Repeat everything in the data exactly except images.

◆ INPUT MATERIAL
= Beginning of Section =

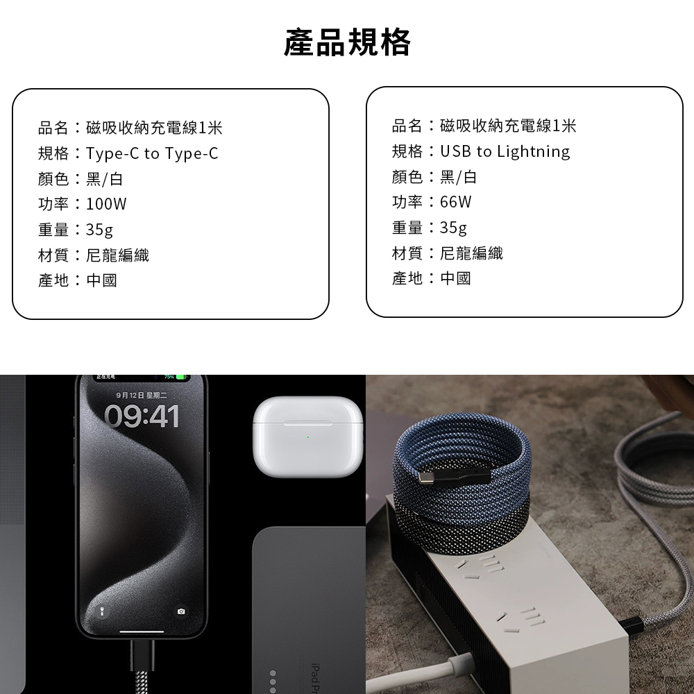 品名:磁吸收納充電線(1米)
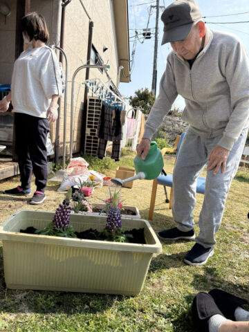 みんなで庭に出てお花を植えました
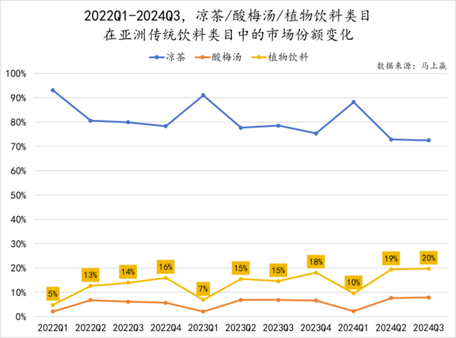 據(jù)馬上贏數(shù)據(jù)統(tǒng)計顯示,冰茶在亞洲傳統(tǒng)飲料類目中的市值份額于2022年一季度達(dá)到峰值,突破了90%,2023年一季度再度觸及90%天花板,2024年Q3數(shù)據(jù)有所下探,不過相較于同賽道中的酸梅湯和植物飲料而言,仍然斷檔領(lǐng)先。
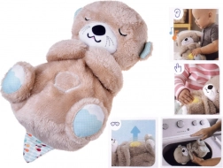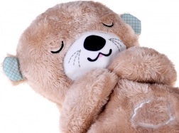 Hebká a maznivá vydra napodobňuje pokojný rytmus dýchania – jej bruško sa jemne zdvíha a klesá, čo deťom dodáva pocit blízkosti a istoty. Integrované svetlo na brušku sa plynulo rozjasňuje a tlmí, aby nerušilo, ale upokojovalo pri zaspávaní. K dispozícii je biely šum, prenatálne zvuky, tlkot srdca aj nežné uspávanky.
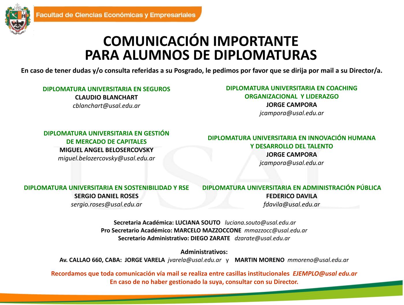 * Posgrados (todos), Administración de Recursos Humanos, Administración y Comercialización: Lorena Morsella lmorsell@usal.edu.ar
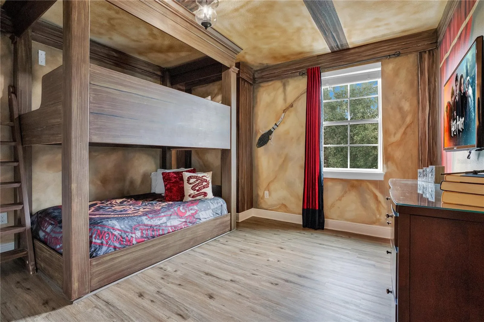 FRESHLY PAINTED INTERIORS AND EXTERIORS (Oct2025) create a bright, refreshed atmosphere complemented by NEW FURNISHINGS, NEWLY EPOXIED GARAGE FLOOR, & FRESHLY CLEANED TILE. With its FULLY FURNISHED, TURN-KEY DESIGN, this home is ready for immediate enjoyment or effortless short-term rental success. Designed to host large gatherings, the floor plan is impressive & functional. THREE PRIMARY SUITES; two located downstairs & one upstairs, offer luxurious retreats while ENSUITE SPA-LIKE baths provide ultimate privacy. Many with dual sinks, garden tubs, & natural light. The OPEN-CONCEPT great room & dining area flow into the kitchen with GRANITE COUNTERS, 42-inch shaker style cabinetry, coffee bar, DUAL STAINLESS-STEEL REFRIGERATORS and DISHWASHERS, and Breakfast Bar. Dual Laundry Rooms upstairs & down offer further convenience. Upstairs, the experience grows even more enchanting. IMMERSIVE THEMED ROOMS bring childhood dreams to life; HARRY POTTER'S CHAMBER OF SECRETS, ELSA'S ENCHANTED LOFT, and the SUPERHERO SANCTUARY are professionally designed with 360-degree murals and custom loftstyle beds. The STAR WARS SCREENING ROOM offers a cinematic escape with projector, surround sound, and reclining leather sectional. A nearby ENTERTAINMENT LOFT with foosball and TV adds extra fun. Floor to ceiling sliding doors open to your PRIVATE OUTDOOR OASIS featuring large covered lanai, spacious paver patio and lawn, HEATED POOL AND SPA surrounded by tropical landscaping, fenced yard, NO REAR NEIGHBORS, and SERENE POND VIEWS. Whether sipping morning coffee by the pool or enjoying a sunset swim, every moment feels like a resort escape.\r\n
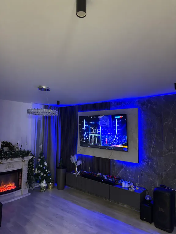 Гостиную: просторная, светлая гостиная с камином, с tv зоной с домашним кинотеатром, с jbl колонкой и караоке.
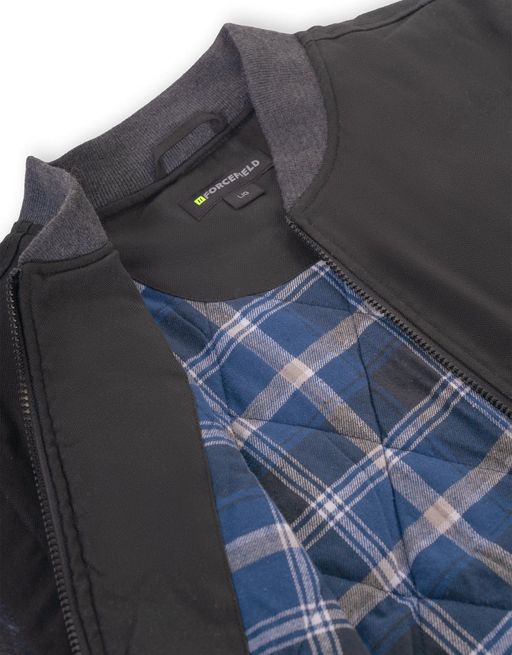 Veste de travail en toile robuste avec manches en polaire douillettes. Dotée d'une fermeture à glissière lisse et d'une doublure chaude en flanelle à carreaux. Allie durabilité et touche de style classique pour un usage quotidien.
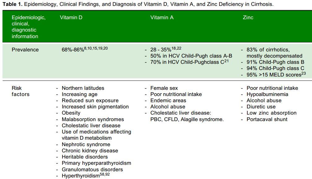 Download the PDF from VitaminDWikiMalnutrition is prevalent in cirrhosis. Vitamin and mineral deficiencies, including vitamin D, vitamin A, and zinc, are common and have been shown to correlate with survival. Our aim was to review the mechanisms of vitamin D, vitamin A, and zinc deficiencies in cirrhosis and the clinical assessment of affected patients, their outcomes based on the current literature, and management. This is a narrative review including the relevant literature for cirrhosis and vitamin D, vitamin A, and zinc deficiencies. Vitamin D deficiency has important effects in cirrhosis, regardless of the cause of chronic liver disease.These effects include associations with fibrosis and outcomes such as infections, hepatocellular carcinoma, and mortality. Vitamin A deficiency is associated with liver disease progression to cirrhosis and clinical decompensation, including occurrence of ascites or hepatic encephalopathy. Zinc deficiency can lead to hepatic encephalopathy and impaired immune function. Such deficiencies correlate with patient survival and disease severity. Caution should be applied when replacing vitamin D, vitamin A, and zinc to avoid toxicity. Identification and appropriate treatment of vitamin and mineral deficiencies in cirrhosis may reduce specific nutritional and cirrhosis-related adverse events. Routine monitoring of vitamin A, vitamin D and zinc levels in cirrhosis should be considered.
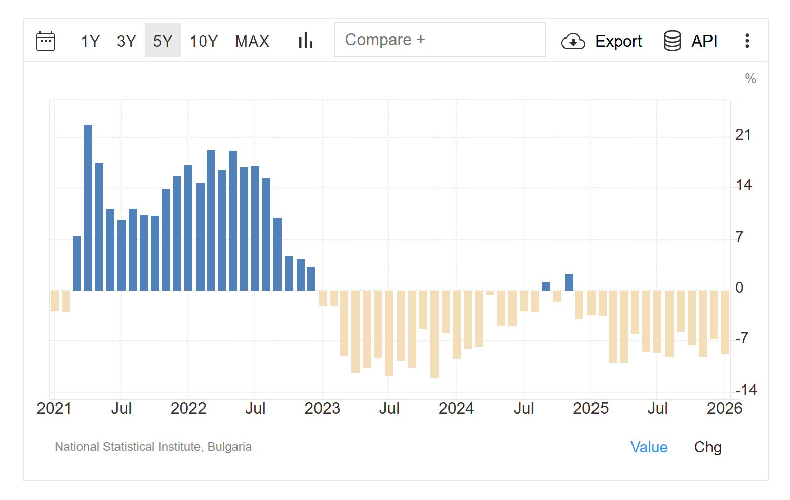 Кредитите на домакинства вече надхвърлят 29.3 млрд. евро в края на февруари 2026 година. Спрямо същия месец на 2025 г. те се увеличават с 20.7% (20.7% годишно повишение през януари 2026 година).
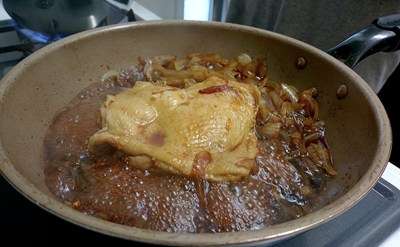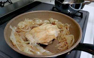 フライパンにて鶏むね肉とタマネギを炒め・・・

= End of Section =

◆ ANSWER SECTION
 品名:磁吸收納充電線(1米)
 みんなで庭に出てお花を植えました
 據(jù)馬上贏數(shù)據(jù)統(tǒng)計顯示,冰茶在亞洲傳統(tǒng)飲料類目中的市值份額于2022年一季度達(dá)到峰值,突破了90%,2023年一季度再度觸及90%天花板,2024年Q3數(shù)據(jù)有所下探,不過相較于同賽道中的酸梅湯和植物飲料而言,仍然斷檔領(lǐng)先。
 Hebká a maznivá vydra napodobňuje pokojný rytmus dýchania – jej bruško sa jemne zdvíha a klesá, čo deťom dodáva pocit blízkosti a istoty. Integrované svetlo na brušku sa plynulo rozjasňuje a tlmí, aby nerušilo, ale upokojovalo pri zaspávaní. K dispozícii je biely šum, prenatálne zvuky, tlkot srdca aj nežné uspávanky.
 * Posgrados (todos), Administración de Recursos Humanos, Administración y Comercialización: Lorena Morsella lmorsell@usal.edu.ar
 FRESHLY PAINTED INTERIORS AND EXTERIORS (Oct2025) create a bright, refreshed atmosphere complemented by NEW FURNISHINGS, NEWLY EPOXIED GARAGE FLOOR, & FRESHLY CLEANED TILE. With its FULLY FURNISHED, TURN-KEY DESIGN, this home is ready for immediate enjoyment or effortless short-term rental success. Designed to host large gatherings, the floor plan is impressive & functional. THREE PRIMARY SUITES; two located downstairs & one upstairs, offer luxurious retreats while ENSUITE SPA-LIKE baths provide ultimate privacy. Many with dual sinks, garden tubs, & natural light. The OPEN-CONCEPT great room & dining area flow into the kitchen with GRANITE COUNTERS, 42-inch shaker style cabinetry, coffee bar, DUAL STAINLESS-STEEL REFRIGERATORS and DISHWASHERS, and Breakfast Bar. Dual Laundry Rooms upstairs & down offer further convenience. Upstairs, the experience grows even more enchanting. IMMERSIVE THEMED ROOMS bring childhood dreams to life; HARRY POTTER'S CHAMBER OF SECRETS, ELSA'S ENCHANTED LOFT, and the SUPERHERO SANCTUARY are professionally designed with 360-degree murals and custom loftstyle beds. The STAR WARS SCREENING ROOM offers a cinematic escape with projector, surround sound, and reclining leather sectional. A nearby ENTERTAINMENT LOFT with foosball and TV adds extra fun. Floor to ceiling sliding doors open to your PRIVATE OUTDOOR OASIS featuring large covered lanai, spacious paver patio and lawn, HEATED POOL AND SPA surrounded by tropical landscaping, fenced yard, NO REAR NEIGHBORS, and SERENE POND VIEWS. Whether sipping morning coffee by the pool or enjoying a sunset swim, every moment feels like a resort escape.\r\n
 Гостиную: просторная, светлая гостиная с камином, с tv зоной с домашним кинотеатром, с jbl колонкой и караоке.
 Veste de travail en toile robuste avec manches en polaire douillettes. Dotée d'une fermeture à glissière lisse et d'une doublure chaude en flanelle à carreaux. Allie durabilité et touche de style classique pour un usage quotidien.
 Download the PDF from VitaminDWikiMalnutrition is prevalent in cirrhosis. Vitamin and mineral deficiencies, including vitamin D, vitamin A, and zinc, are common and have been shown to correlate with survival. Our aim was to review the mechanisms of vitamin D, vitamin A, and zinc deficiencies in cirrhosis and the clinical assessment of affected patients, their outcomes based on the current literature, and management. This is a narrative review including the relevant literature for cirrhosis and vitamin D, vitamin A, and zinc deficiencies. Vitamin D deficiency has important effects in cirrhosis, regardless of the cause of chronic liver disease.These effects include associations with fibrosis and outcomes such as infections, hepatocellular carcinoma, and mortality. Vitamin A deficiency is associated with liver disease progression to cirrhosis and clinical decompensation, including occurrence of ascites or hepatic encephalopathy. Zinc deficiency can lead to hepatic encephalopathy and impaired immune function. Such deficiencies correlate with patient survival and disease severity. Caution should be applied when replacing vitamin D, vitamin A, and zinc to avoid toxicity. Identification and appropriate treatment of vitamin and mineral deficiencies in cirrhosis may reduce specific nutritional and cirrhosis-related adverse events. Routine monitoring of vitamin A, vitamin D and zinc levels in cirrhosis should be considered.
 Кредитите на домакинства вече надхвърлят 29.3 млрд. евро в края на февруари 2026 година. Спрямо същия месец на 2025 г. те се увеличават с 20.7% (20.7% годишно повишение през януари 2026 година).
 フライパンにて鶏むね肉とタマネギを炒め・・・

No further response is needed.